Tag 32 – die Umarmung 

Heute war der schönste Tag. Es gab keinen Wutanfall, nur ein bisschen Murren und Knurren. Als er von seinen Eltern abgeholt wird und ich langsam zum Auto schlendere, dreht er noch einmal um, rennt auf mich  zu und umarmt mich. „Danke, dass du da bist!“ Ich verbeuge mich im Geiste vor allen, die mir geholfen haben und an mich geglaubt haben. Ich habe es geschafft. Er mag mich.  

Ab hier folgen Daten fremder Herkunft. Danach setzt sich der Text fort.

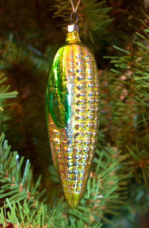 Настоящие фрукты и овощи с елок пропали, зато появились стеклянные, как демонстрация сельскохозяйственных успехов Союза. При Никите Хрущеве была особенно популярна кукуруза, царица полей. Правда, с приходом к власти Леонида Брежнева она с елок практически повсеместно исчезла.

Tag 33 – die Ernüchterung 

Heute waren es wieder zwei Wutanfälle, begleitet von einem „Ich hasse dich!“. Okay, es ist wohl doch noch nicht ganz so rosig, wie ich gestern dachte, aber die Tendenz stimmt ja dennoch. 

Tag 56 – die Karte 

Weihnachten steht vor der Tür. Von den Lehrkräften bekommen alle Schulbegleiter eine wertschätzende Karte. In meiner werde ich gelobt für meinen Einsatz in der Klasse, dass ich mich dort selbst sehr gut integriert habe und dadurch mein Kind sehr unterstütze. Diese Wertschätzung tut sehr gut. Es geht bergauf. Die Wut­anfälle werden kürzer, seltener und weniger intensiv.  

Tag 250 – das Hoch 

Mein Job macht mir viel Spaß. Die Kinder um mich herum mögen mich, fachsimpeln mit mir über ihre Hobbys, und mein „Knallerkind“ ist froh, wenn ich mich mal nicht so eng um ihn kümmere. Der Junge ist immer weniger auffällig und kann seine Gefühle besser ausdrücken und ist ein beliebtes Kind in der Klasse. Seine Lehrer schätzen seine Ehrlichkeit, seine Mitschüler sein Gerechtigkeitsempfinden. Man kann ihm vertrauen. Ja, er ist ein „Knallerkind“. Aber ich würde sagen – eine Rakete!